# [WHAT IS REQUIRED]
With the pictures left out, write out exactly the lines of the listing below that run from the line with "Selective angiography in" through the line with "あなたの人生を表す1番重要な".

(RECORDS FOR THIS EXERCISE Opens)

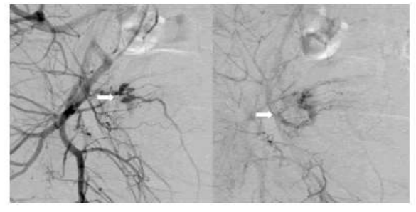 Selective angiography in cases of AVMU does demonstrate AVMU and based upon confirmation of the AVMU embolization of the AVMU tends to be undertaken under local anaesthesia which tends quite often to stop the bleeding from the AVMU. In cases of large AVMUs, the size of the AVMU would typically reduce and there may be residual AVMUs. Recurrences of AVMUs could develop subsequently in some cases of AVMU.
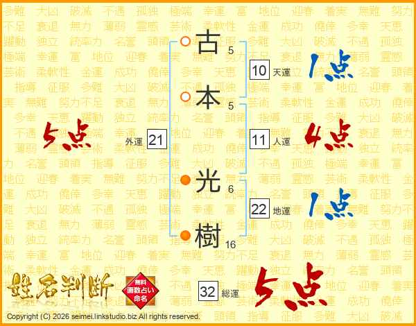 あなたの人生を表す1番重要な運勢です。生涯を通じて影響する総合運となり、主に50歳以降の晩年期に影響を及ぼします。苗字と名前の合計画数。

(RECORDS FOR THIS EXERCISE Closes)
(RECORDS FOR THIS EXERCISE Opens)

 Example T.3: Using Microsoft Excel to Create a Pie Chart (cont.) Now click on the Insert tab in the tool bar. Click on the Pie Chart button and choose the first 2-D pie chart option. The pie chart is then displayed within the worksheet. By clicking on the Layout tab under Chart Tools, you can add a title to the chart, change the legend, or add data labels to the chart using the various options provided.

(RECORDS FOR THIS EXERCISE Closes)

# [YOUR SOLUTION]
 Selective angiography in cases of AVMU does demonstrate AVMU and based upon confirmation of the AVMU embolization of the AVMU tends to be undertaken under local anaesthesia which tends quite often to stop the bleeding from the AVMU. In cases of large AVMUs, the size of the AVMU would typically reduce and there may be residual AVMUs. Recurrences of AVMUs could develop subsequently in some cases of AVMU.
 あなたの人生を表す1番重要な運勢です。生涯を通じて影響する総合運となり、主に50歳以降の晩年期に影響を及ぼします。苗字と名前の合計画数。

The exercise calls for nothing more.